Exercise description: Output the data below exactly, without images.

Dataset section:

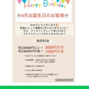 いつもアニモフィオレンテ東川口店をこ゛利用頂きありか゛とうこ゛さ゛います!アシスタントの鈴木です 4月お誕生日のお客様?LINE@のバースデークーポン?LINE・・・
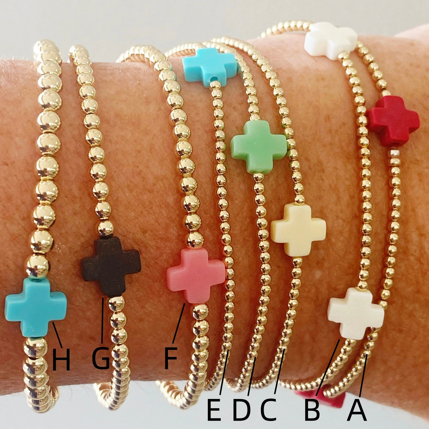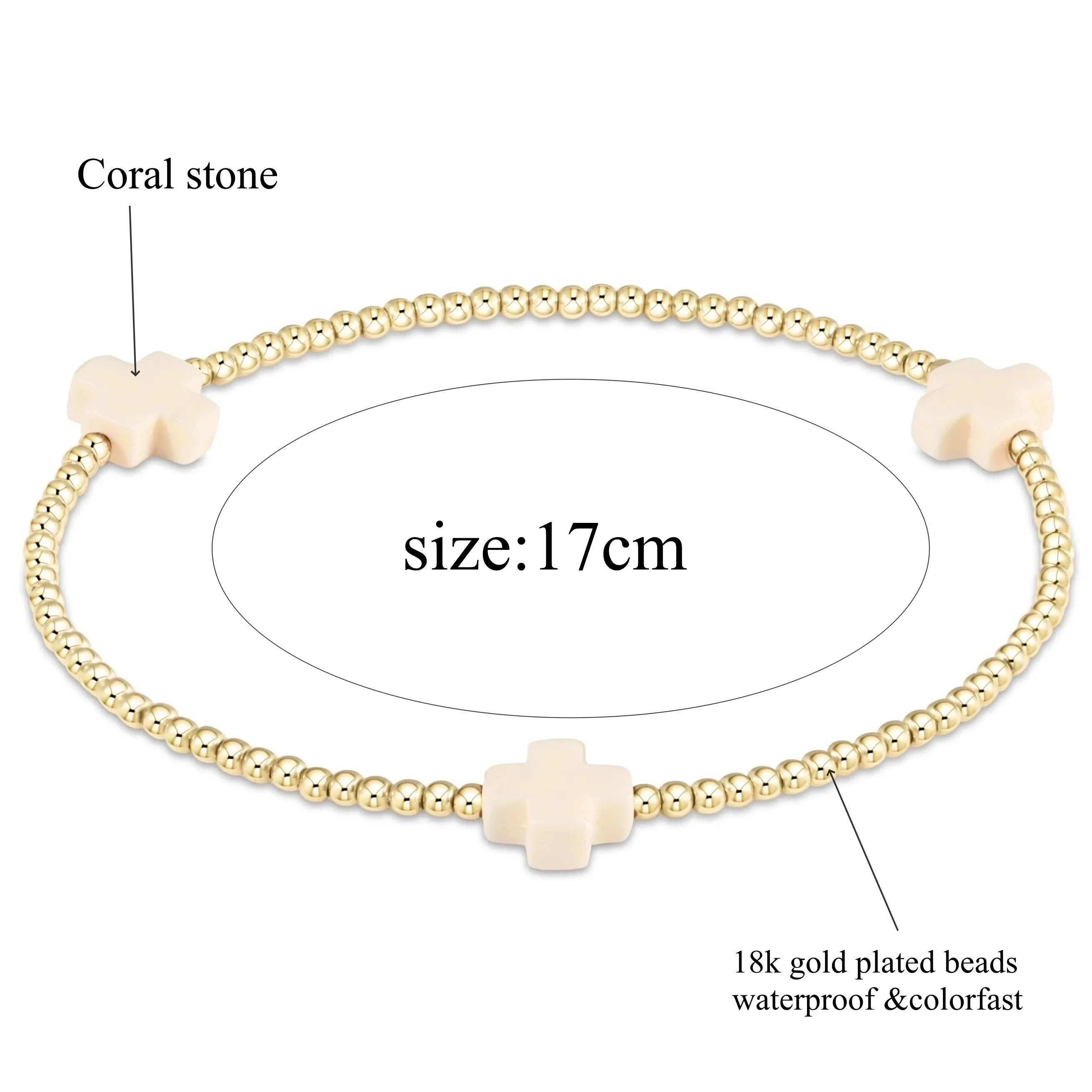 Vlen Cross Bracelet Stackable Gold Plated 18 K Waterproof Designe Bracelets for Women Jewelry Natural Stone Boho Summer Pulseras
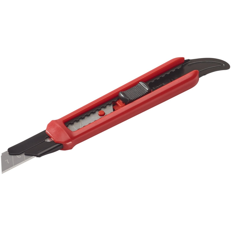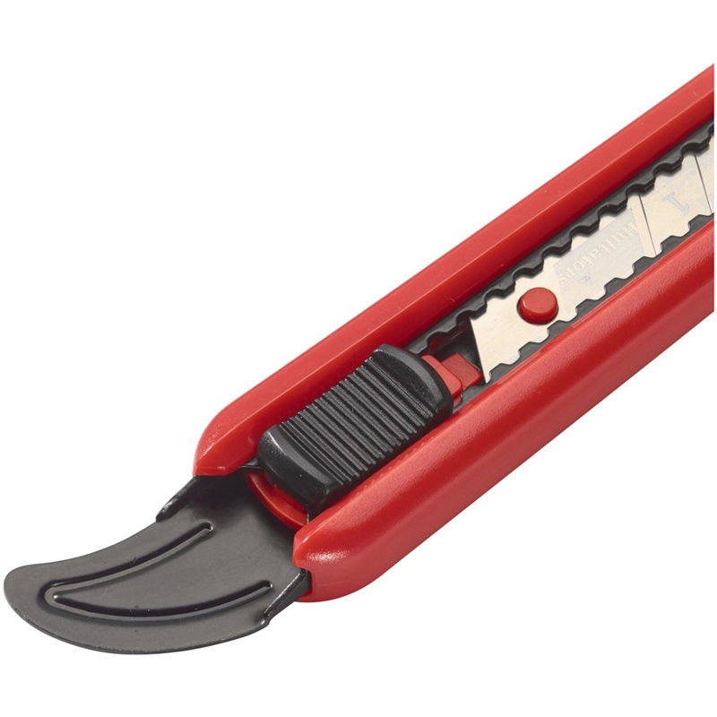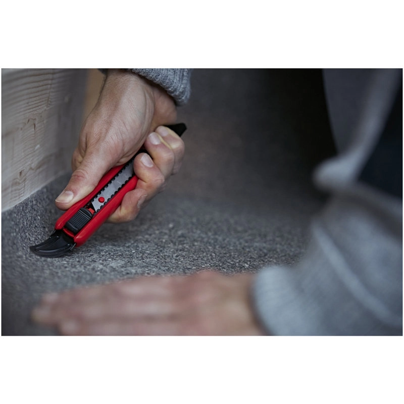 Wąski nóż z wygiętą płetwą, do wszechstronnego użytku, np. cięcia plastiku, kartonu i usuwania izolacji z przewodów. Smukła konstrukcja ułatwia przechowywanie w kieszeni. Zwężany koniec dla lepszej widoczności, dostępu oraz kontroli. Wygięta płetwa pomaga w podkładaniu dywanów lub otwieraniu puszek. Wykonany z wytrzymałego tworzywa sztucznego PC (poliwęglanu) ze stalowym rdzeniem dla wzmocnienia. Metalowa prowadnica ostrza o grubości 1 mm dla dodatkowej stabilności.

Solution:
 いつもアニモフィオレンテ東川口店をこ゛利用頂きありか゛とうこ゛さ゛います!アシスタントの鈴木です 4月お誕生日のお客様?LINE@のバースデークーポン?LINE・・・
 Vlen Cross Bracelet Stackable Gold Plated 18 K Waterproof Designe Bracelets for Women Jewelry Natural Stone Boho Summer Pulseras
 Wąski nóż z wygiętą płetwą, do wszechstronnego użytku, np. cięcia plastiku, kartonu i usuwania izolacji z przewodów. Smukła konstrukcja ułatwia przechowywanie w kieszeni. Zwężany koniec dla lepszej widoczności, dostępu oraz kontroli. Wygięta płetwa pomaga w podkładaniu dywanów lub otwieraniu puszek. Wykonany z wytrzymałego tworzywa sztucznego PC (poliwęglanu) ze stalowym rdzeniem dla wzmocnienia. Metalowa prowadnica ostrza o grubości 1 mm dla dodatkowej stabilności.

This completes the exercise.